Of course, I stand before you today as Commissioner for Agriculture and Rural Development - but I am also addressing you as a man born and bred on a family farm in Ireland's County Kilkenny. Like you, farming runs through my veins.
As British farmers, you will of course be aware that the part of the EU you know best – the Common Agriculture Policy – has itself been extensively reformed over recent years.In fact, as you know, my honourable friend Owen Paterson participated in the last reform as UK Secretary of State for Agriculture.
The 2013 CAP reform took a further step along the reform path started by my countryman Ray Mac Sharry back in 1992. We now have a market-oriented policy which means that farm businesses decide themselves what they want to produce on the basis of what they are good at and where they can get a good price, rather than looking to Brussels to see what support is available or being hemmed in by quotas.
- < >he CAP has become more liberal, more flexible, and more outward looking – more focused on trade on the global marketplace.
I want to tell you a story that illustrates where the CAP is at on the global stage, and how the EU is a major player in advancing the interests of our farmers.
The time is 3am on Saturday the 19th of December last, the venue is an international conference centre in Nairobi Kenya, for the World Trade Organisation Ministerial. 162 country delegations from around the world are present, grappling with a seemingly endless and fraught negotiation, with the threat of collapse looming over all the attendees.
However, an endgame emerges – 5 players at the table in a small, pokey room.
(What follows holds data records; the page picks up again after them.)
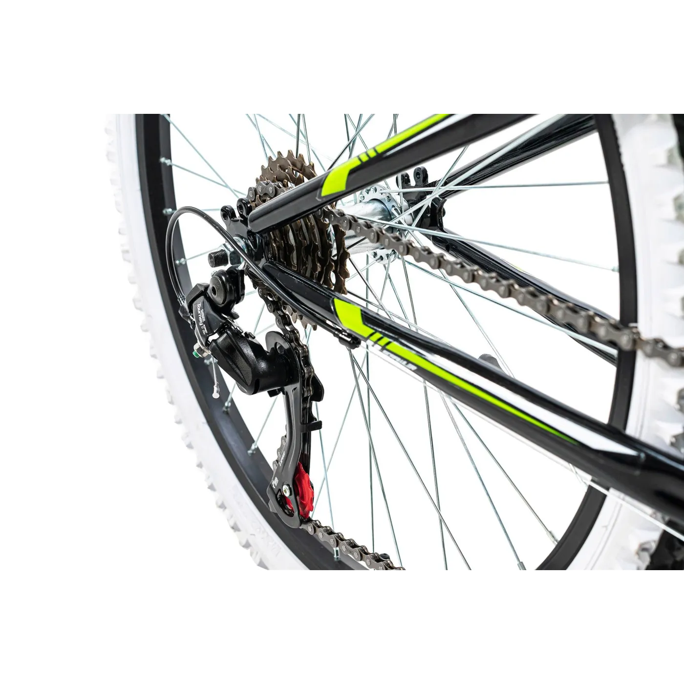 Grube opony i czarny design sprawiają, że rower przyciąga wzrok. Hamulce V-brake z przodu oraz z tyłu zapewniają bezpieczeństwo, a 6-biegowa przerzutka Shimano Tourney oferuje odpowiedni zakres regulacji.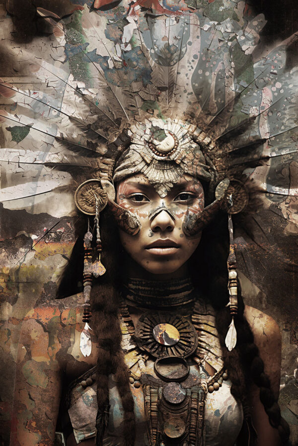 Dit is een hoge glasplaat met een indianenvrouw met een opvallend grote verentooi en lange oorbellen op een donkere achtergrond.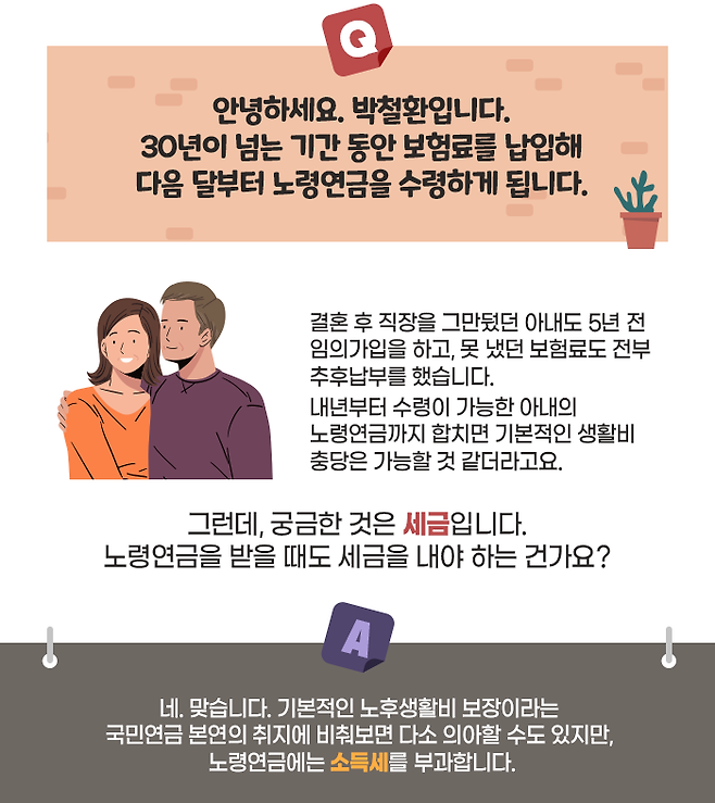 보험료를 납부할 때 소득공제를 받았으니, 노령연금을 받을 때 세금을 내야 한다는 게 논리적으로 맞아 보입니다. 하지만 노령연금 그게 얼마나 된다고 세금을 부과하느냐고 볼멘소리를 하는 사람이 적지 않습니다.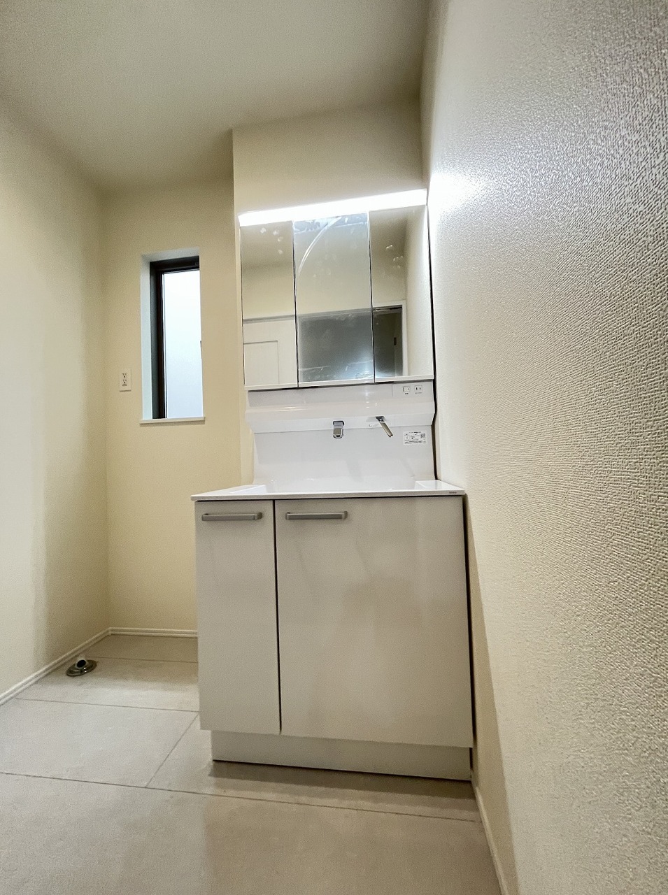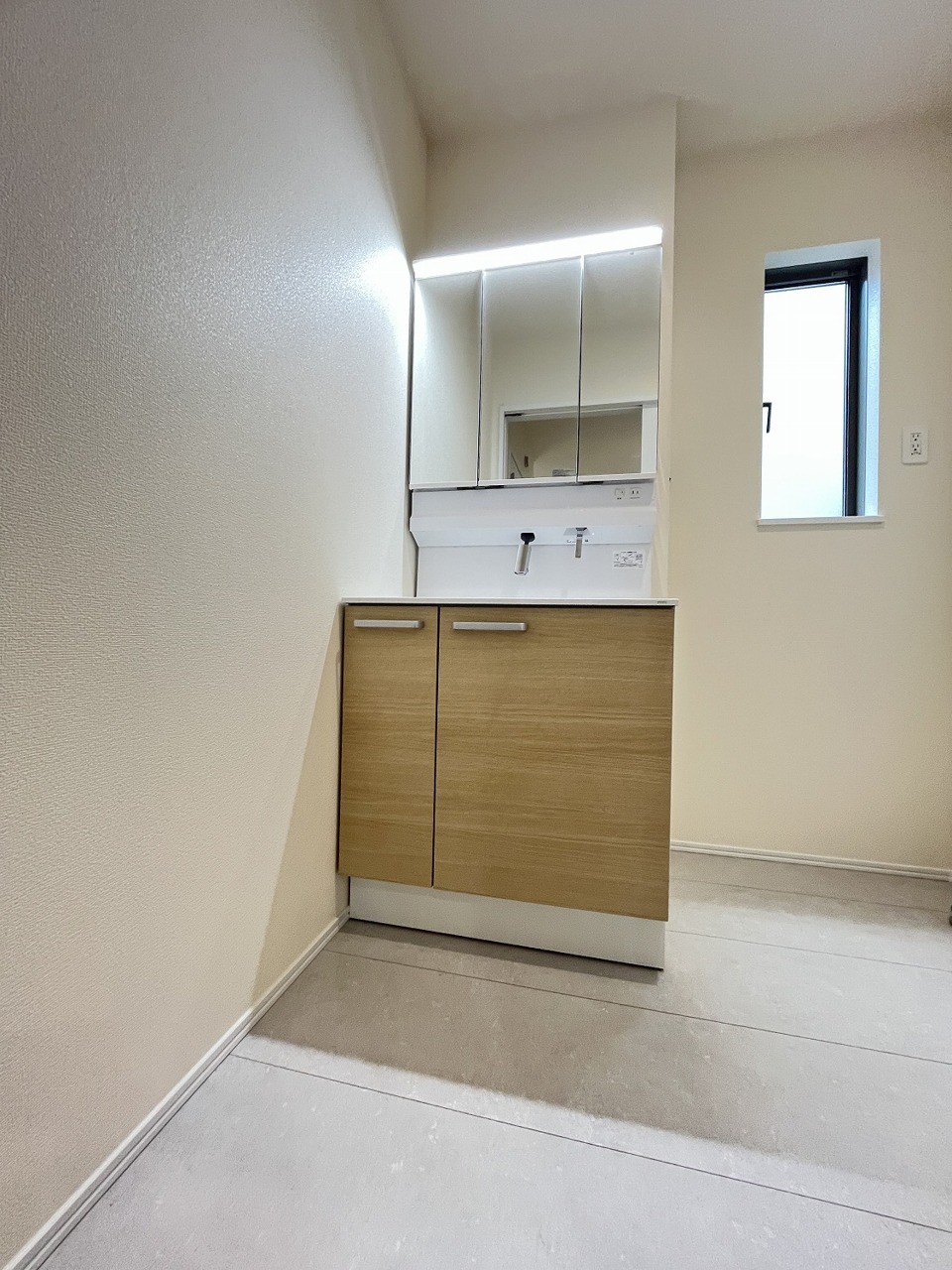 C号棟 収納豊富な三面鏡付洗面化粧台。水回りのあれこれがキレイに収まりそうですね。
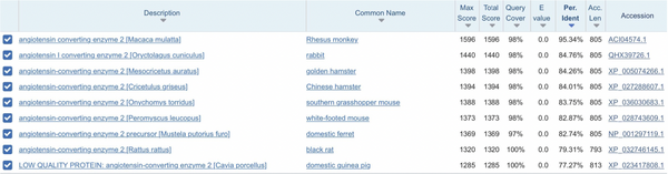 - Angiotensin-converting enzyme 2 precursor White-footed Mouse - Protein - NCBI. (2020). Retrieved 6 December 2020, from https://www.ncbi.nlm.nih.gov/protein/XP_028743609.1?report=fasta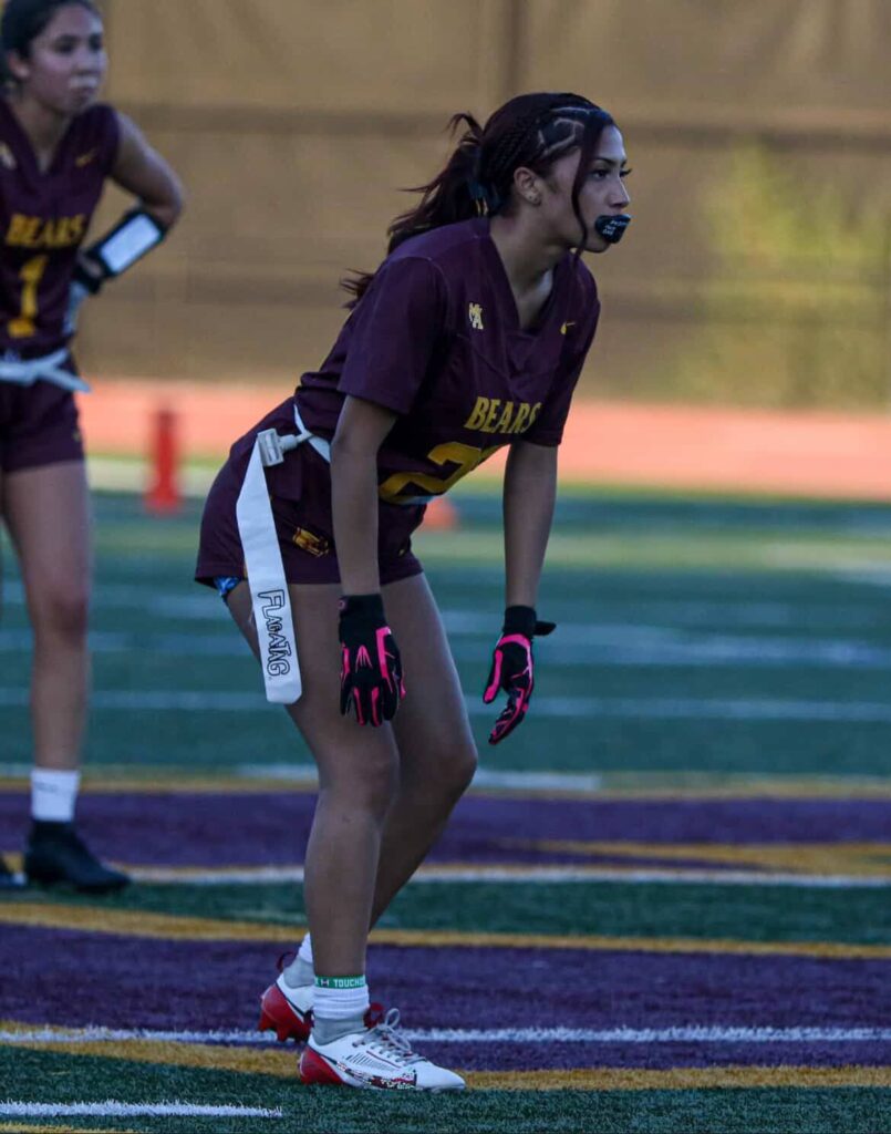 Ramos-Gonzalez has been playing flag football for three years now. “I played club for a year, and then two years here at M-A,” she said. “I’m going into my second year playing club for a different team in the Bay Area. It’s called High Intensity.”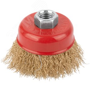 Кордщетка чашечная, гайка М14, стальная латунированная волнистая проволока 65 мм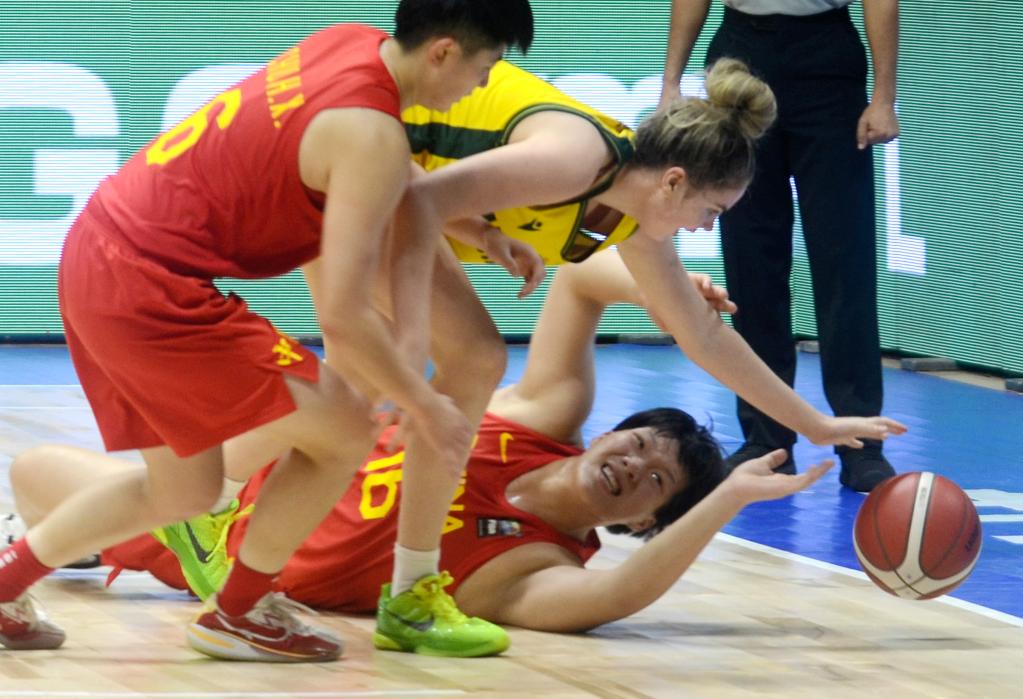 ↑中國隊球員葛佳盈(下)、初慧萱(左)在比賽中拼搶。新華社發(fā)

The United States, China, Brazil, India… and the European Union, with the Kenyan chair also in attendance. In fact, the EU had two seats at the table, with both myself as Agriculture negotiator, and Trade Commissioner Cecilia Malmstrom present. No Japan – population 120m and a 1 trillion pound economy; no Canada, no Australia, no Turkey, no Switzerland, no Norway…no anyone else!
When it comes down to the final roll of the dice, an aggressive plan to phase out export subsidies across the board emerges as the landing ground for the deal, something which is a key priority for the EU. We use our combined weight and power to push for a fair and level playing field for EU farmers on the global scale – Canada, for instance, will have to phase out export subsidies for their dairy sector. Likewise Switzerland for chocolates, India for sugar and Turkey for wheat flour. The US will have to reform its export credit and food aid programmes. Finally, countries will not be able to circumvent the new restrictions by funnelling subsidies through state trading enterprises.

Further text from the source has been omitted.